The desire for approval or fear of disapproval by religious authorities
(e.g., priests, pastors, ayatollahs, etc.) can be even stronger.
> I appreciate and applaud your search for evidence - indeed that is what
> holds my interest here. I hope you don't mind my "oppositional" rhetoric,
> it is simply an exercise in skepticism such that we may learn something from
> explanations when they are called for.
Agree, I welcome your feedback whether positive or negative.
> One bit of logic calls for explanation: how may a constant explain change?
> Sections 1 and 4 speak of "ubiquitous" violence - everywhere, and for a very
> long time. If there has been a regime of ubiquitous patriarchal violence
> for something like 2000 years, how can that explain the massive global
> changes of the past 200 years, measurable by such indicators as the size of
> the human population, atmospheric CO2 concentration, or global average
> surface temperature?
Two thousand years doing something wrong is no justification to keep
doing it. In my book, violence is always wrong -- in principle.

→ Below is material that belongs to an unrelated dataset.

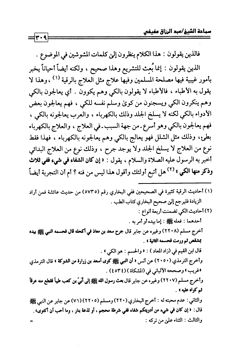 الذين يقولون: إنما بعث للتشريع وهذا صحيح، ولكنه أيضا أحيانا يخبر بأمور غيبية فيها مصلحة المسلمين وفيها علاج مثل علاج بالرقية، وهذا لا يقول به الأطباء، فالأطباء لا يقولون بالكي وهم يكوون، أي يعالجون بالكي وهم ينكرون الكي ويسجنون من كوى وسلم نفسه للكي، فهم يعالجون بعض الأدواء بالكي لكنه لا يسلخ الجلد وذلك بالكهرباء، والعرب يعالجون بالكي، فهم يعالجون بالكي وهو أسرع -من جهة السبب- في العلاج، والعلاج بالكهرباء بطيء، وذلك مثل الشلل فهو يعالج بالكي وهم يعالجونه بالكهرباء، فهذا فقط نوع من العلاج لا يسلخ الجلد ولا يوجد جرح، وذلك نوع من العلاج البدائي أخبر به الرسول عليه الصلاة والسلام، يقول: «إن كان الشفاء في شيء ففي ثلاث وذكر منها الكي» هل أتبع أولئك وأقول هذا ليس من فنه؟ أم أن التجربة أيضا
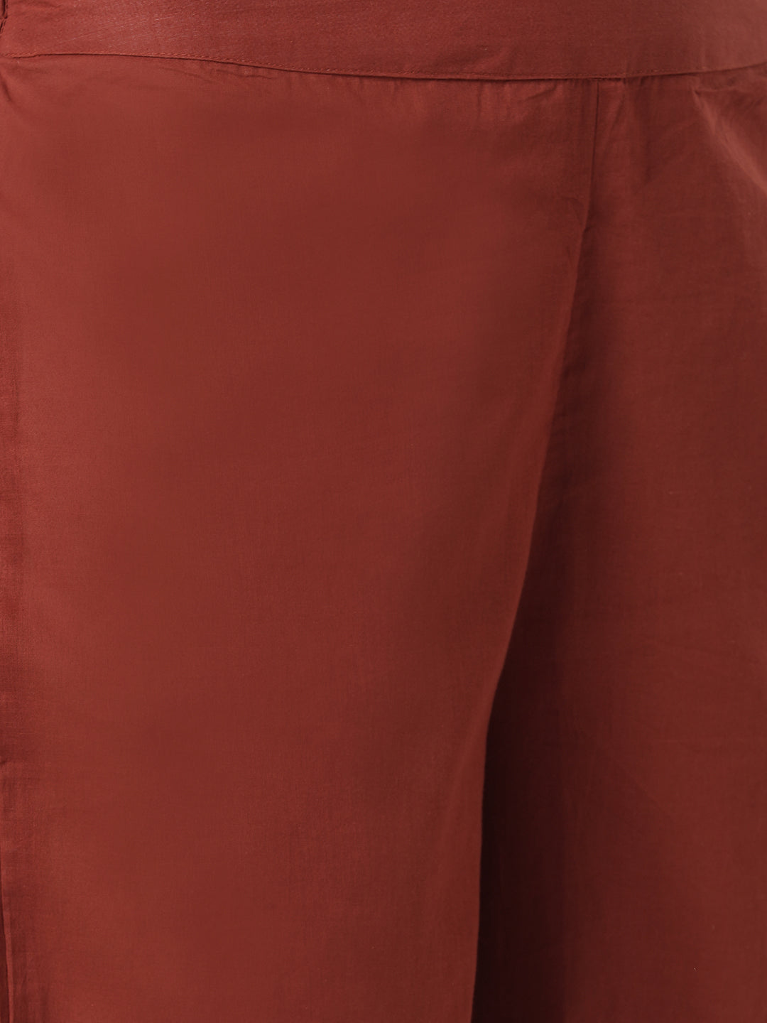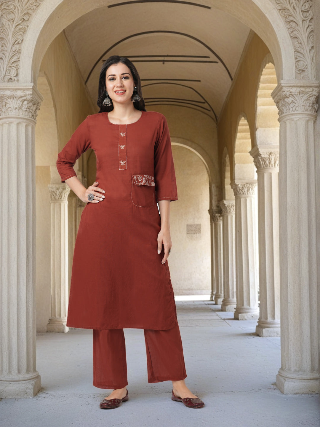 Solid Figurative Thread Embroidered Straight Fit Co-ord Set - Rust

My personal impression is that changes for good are seldom induced by
violence, patriarchal or otherwise. Conversely, bad changes (and
refusal to implement good changes) are most often induced by violence.
Again, most violence has patriarchal roots. Now, what is good and what
is bad for humanity is hard to define and impossible to calculate. But
if we act in conscience, we generally know what is good vs.what is bad.
> I think we may have to seek material explanations (the industrial
> revolution) and point to "patriarchally dominant" religion as a drag on
> industrial development, rather than a driving force of change. Technical
> change leading, cultural change lagging, or in more anthropological terms:
> material culture changing more rapidly than immaterial culture. Seems there
> is a story to be told of the patriarchal mind set replaced by the "western
> liberal" mind set, accompanied as it has been by "the protestant ethic and
> the spirit of capitalism", to coin a phase.
All forms of violence and, in particular, all forms of religious
violence are bad regardless of religion or social customs.
> Have you encountered Alex Inkeles' "psychological modernity" theory of
> development?
I just googled him ... can you recommend a short intro or tutorial?
Recently I have been reading the writings of René Girard about the link
between violence and religion. Are you familiar with Girard's work?